Open pmconrad opened 5 years ago
Calling this "resigning" isn't a great name, IMO, as it's often just done temporarily to avoid missed blocks while overcoming a shortterm technical problem.
I agree, we should allow any vote collecting entity to signal their desire to be removed from consideration for that role/function. Perhaps the flag can be named something focusing on voting: acceptingVotes, accumulateVotes, isVoteEligible. The flag would be set to true by default when creating a new entity.
Separate issue, but following on what @pmconrad offered above for block producers, I feel the DAC has an expectation for high availability. Therefore, suggest the above flag be set once a BP has missed 1% of time slots in the previous maintenance interval. Calculation for the next round would now ignore the failing BP and the next stand-by would produce. Once the degraded BP restores their operations, they may reset the flag to signal intent to be included in the next maintenance interval vote. This results in at least one maintenance interval of "penalty" for missing 1% of blocks recently.
Design should consider edge cases such as prolonged network halts.
Regarding the auto-setting of such a flag, it has been considered before for Steem witnesses, but I would approach the design of any such feature with extreme caution, as it opens up the chain's block production to new forms of attack. I'm not saying I'm outright opposed to such a capability, but given potential abuses, the design of any should feature should be examined closely for all potential attack vectors it opens up, and such problems should be weighed against the benefits provided by it.
However, calling it "disabled" is also not very descriptive, and smacks of someone other than the witmess / worker / committee member doing the disabling out side of their control. That is a governance issue.
The intent of this feature sounds reasonable to some degree, but if the issue is simply saving missed blocks, it negates the ability to use missed blocks as a metric to evaluate witness performance. Clearly when workers or committee are included it goes beyond that consideration.
I see risks to this, in that if the mechanism is compromised it could shut down, even selectively, various important aspects of the chain, including a total shutdown. I recognize that may not be likely, but this is a powerful feature that shouldn't be implemented in haste, and there is no reason to do so.
@ryanRfox I very much like your idea. 1% translates to 4.8 blocks an hour, with 25 witnesses, 1 hour maintenance, 3 second block time. With 21 witnesses it becomes 5.7 blocks (1200 blocks an hour / # of witnesses).

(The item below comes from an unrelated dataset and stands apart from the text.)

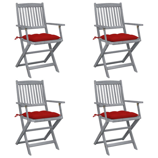 Deze moderne houten stoelenset met kussens voegt een vleugje natuurlijke stijl toe aan je tuin, patio of terras. Deze klapstoelen zijn een goede keuze als je buiten wilt eten.

This sounds very reasonable, however I suggest we make the threshold a committee parameter should it require adjustment. It is easily imagined that the flag reset operation could be included in scripts or bots, which could limit this feature's effectiveness. Also worth considering is automatic compensation for the number of witnesses, such that 1% represents 4.8 or 5.7 missed blocks for 25 vs 21 witnesses respectively.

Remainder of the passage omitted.